Lexi waited. Posing as a delivery person was a standard ruse to gain access to a building. It was used so many times on television, she assumed half the population of the country knew how it was done.

After a moment, the kid pressed the speaker button by the main entrance and said the pizza had been ordered by Nelson Riggs.

“Verifying,” the guard said. Within a minute, he said the delivery was legitimate.

“Building protocol,” Marv said. “The tenant who ordered it has to come pick it up. Nobody roams the halls, not even on the resident’s side.”

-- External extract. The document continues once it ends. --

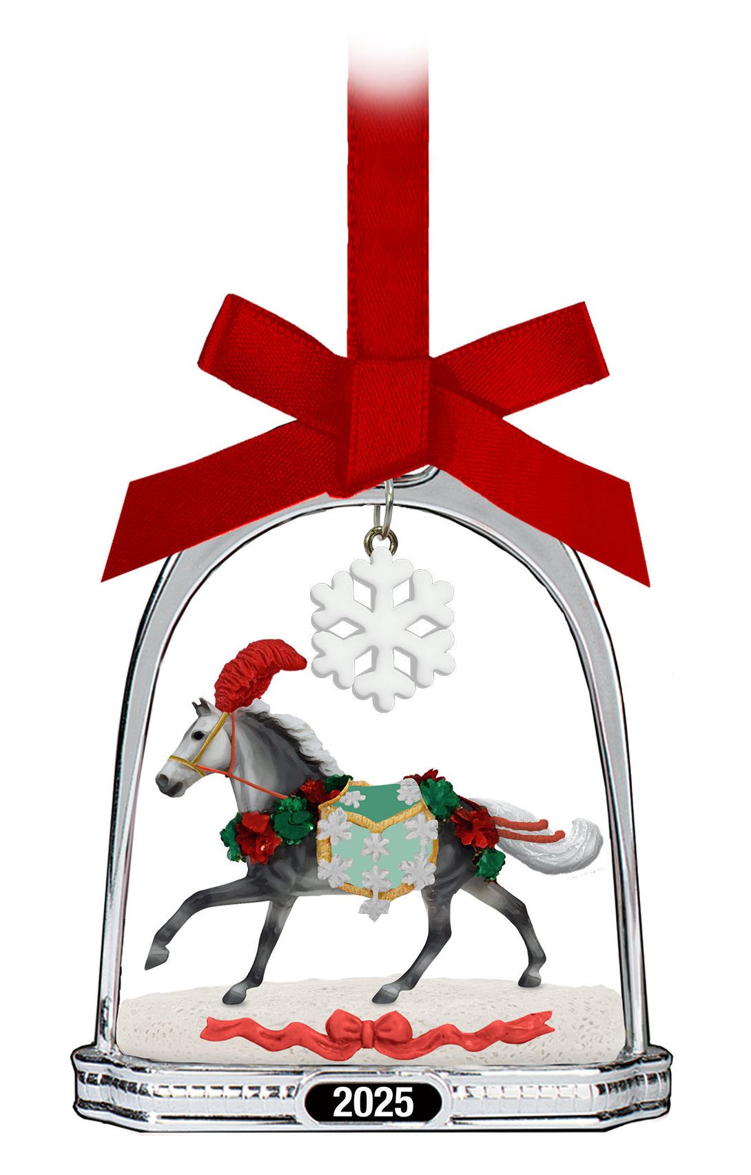 Stock #B-HP-10224 - A finely-detailed miniature of Christmas in Bloom is perfectly framed within a silver tone stirrup. This athletic sport horse features beautiful hellebore blooms, also known as "Christmas Roses" decorating his festive tack. A snowflake dangles from the top of the stirrup to finish this charming piece. The 26th in a collectible series. Made by Breyer, 3½" H x 2¾" W, for ages 8 & up.

The door opened, and Marv switched cameras to the lobby, where the kid approached the front desk with his pizza container and bag. He left them with the guard, who handed him a tip. The kid pocketed the money and hurried away.

The guard opened the pizza box, seemed satisfied it was what it was supposed to be. Next, he opened the plastic bag and reached in to verify its contents.

Lexi turned to Marv. “With this system, it must be hard to get a hot pizza. What if we want to order takeout? From what the guard said, it sounds like we’re not supposed to contact the outside world.”

“We’d have the guard order it and have it delivered to the building, not us.”

Which made sense from a security standpoint.

A flicker of motion from the screen caught her eye. She watched as the guard clutched his throat and collapsed onto the desk.